DE1246051B - Method for finding short-term incident electromagnetic waves, such as those that occur in thunderstorm lightning - Google Patents

Description

FEDERAL REPUBLIC OF GERMANY

GERMAN

PATENT OFFICE

EDITORIAL

Int. CL:

GOIs

German El .: 21 a4 - 48/01

Number:
File number:
Registration date:
Lay-out day:

T26867IXd / 2ia4
22nd August 1964
3rd August 1967

The invention relates to a method for direction finding of briefly incident electromagnetic waves len, the energy of which lies in a wide frequency band. Such briefly incident electromagnetic Waves occur z. B: related to Thunderstorm lightning. A crossed directional antenna system comprising 360 ° azimuth is used for the bearing as well as an antenna with a pie chart.

For direction finding of thunderstorm lightning or other atmospheric disturbances it is known a rotating antenna system with two vertically crossed Loop antennas and a rod antenna for determining the sides to use.
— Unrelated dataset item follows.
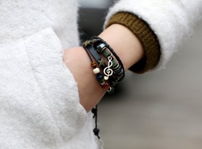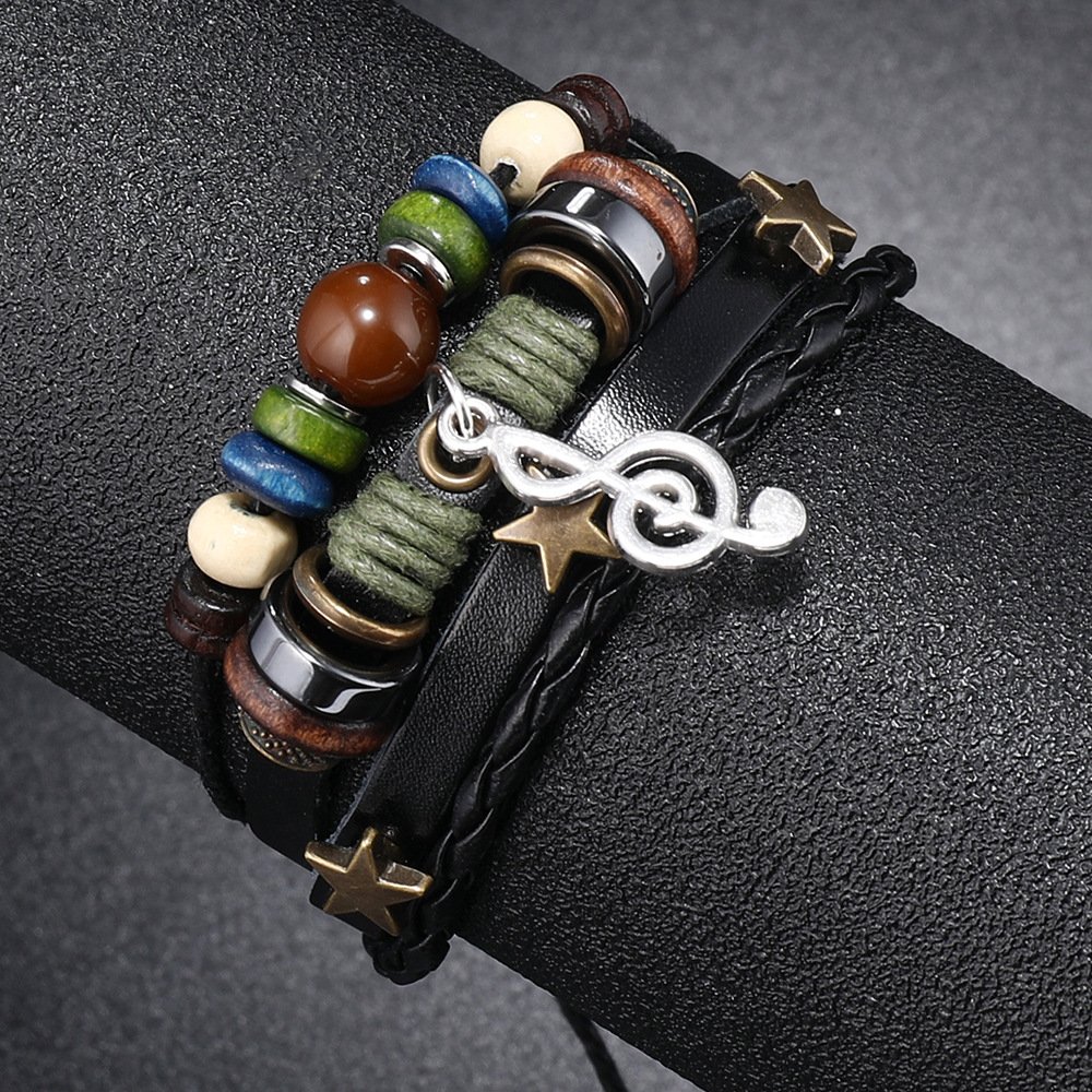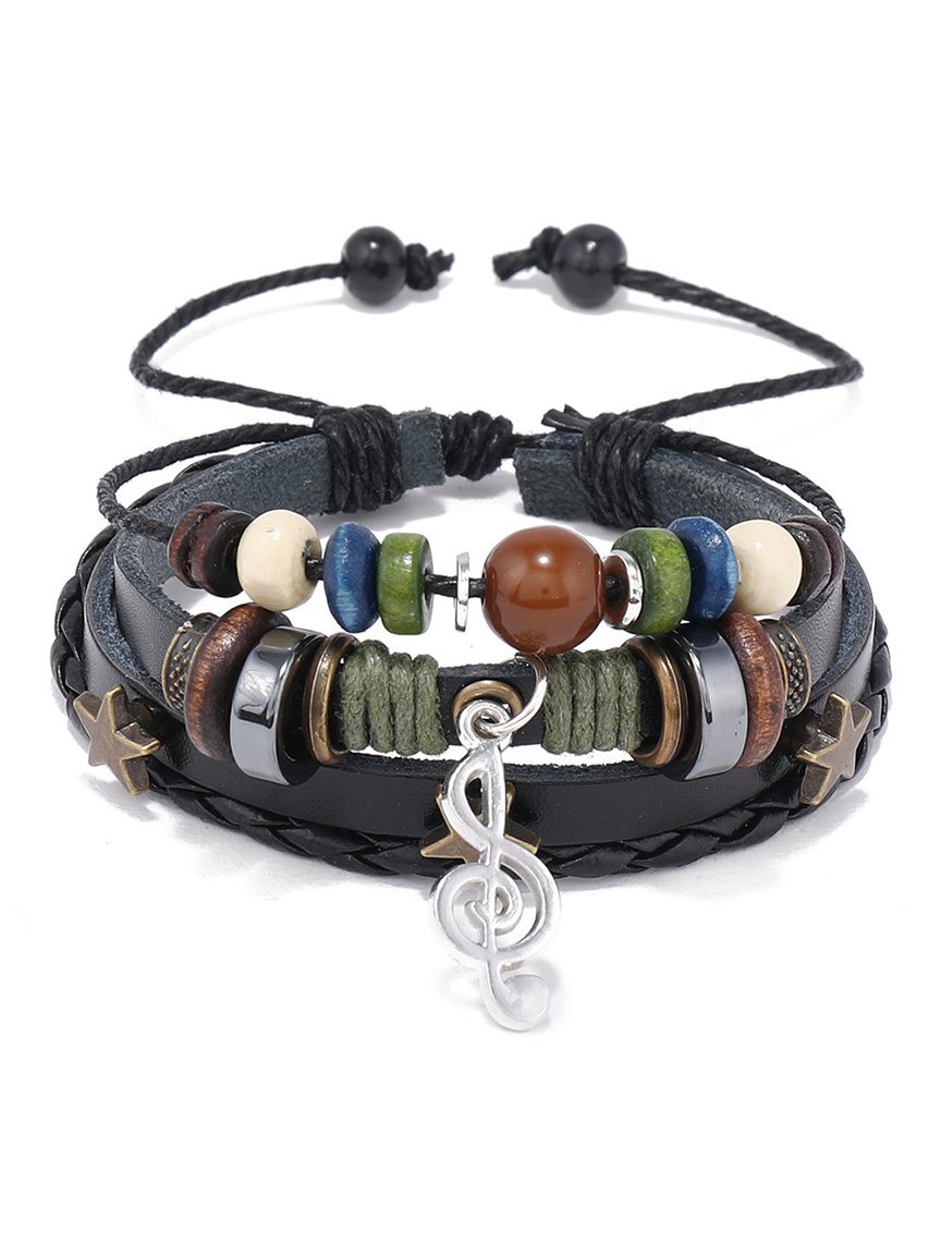 Multilayer Beaded Leather Adjustable Bracelet with Music Note Charm — Hand-Woven Music Festival Accessory

The output voltage of one loop antenna is fed to a "write amplifier" fed, while the input voltage of the other loop antenna to a so-called Blocking amplifier is supplied. This ensures that the bearing system is only aimed at atmospheric Addresses disturbances coming in from the direction that of the respective position of the connected to the write amplifier. Antenna corresponds. A synchronous add The aerial rotation of the pen, moved over the recording paper, registers the atmospheric disturbances as points. Registration allows an overflow about the direction of incidence of the disturbances as a function of time. This known system is liable however, the essential part of it; that only a fraction the atmospheric disturbance is registered, since a registration only comes about if the antenna is aligned in the corresponding direction when the interference occurs. Also is with this known method an assessment of the amplitude size is practically hardly possible.

In another known thunderstorm direction finder, two vertically crossed fixed frame antennas and a rod antenna are used for side identification. The two frame lengths are routed through amplification channels that are the same according to bed day and phase and fed to the deflection system of a cathode ray display tube. The voltage of the rod antenna is used for brightness control. With this method, every atmospheric disturbance is registered on the screen as a line starting from the zero point, the direction of this line indicating the direction of incidence. On the other hand, when registering with the film stationary, only a reading of the azimuth of the thunderstorm is possible over a longer period of time. A measurement of the amplitude method for finding bearings for a short time
incident electromagnetic waves,
like them for example
occur during thunderstorm lightning

Applicant:
Telefunken

Patentverwertungsgesellschaft mb H.,
Ülm / bonäu, Elisabethensir ·. 3

Named as inventor:

Dr. deer nät. Hans Volland, Bonn;

Günter Heydt, Berlin

division for the individual flock is not doctrinal possible.

The determination of the original place of the ethereal Disturbance can be caused in the known method by simultaneously of two locations from the atmospheric disturbances. However, there is a constant communication link for the evaluation of the two stations necessary. In addition, the evaluation must be carried out separately for each individual atmospheric disturbance. As a result, the personnel expenditure when using such direction finding systems is very high.

The object on which the invention is based is to provide a direction finding method which can be designed such that once a statement about the spectral distribution of the amplitudes of the atmospheric disturbances and from the data obtained at one location the distance of the place of origin from the Peilört can be inferred.

According to the invention, the information about the direction of incidence is that of an atmospheric Disturbance resulting electromagnetic waves accustomed that with the over a crossed Directional antenna system and a rod antenna with a pie chart received short-term signals Resonance circles with the same resonance frequency are excited to natural oscillations; the initial fraud of the two resonance circles assigned to the loop antennas are in phase by 90 ° shifted against each other, and then the difference between the two phase-shifted voltages won; hereafter the difference becomes

709 619/246

between the phase of the differential voltage and the phase of that triggered by the antenna with pie chart Voltage measured and represented in the form of a direct voltage. This DC voltage represents a measure of the angle of incidence.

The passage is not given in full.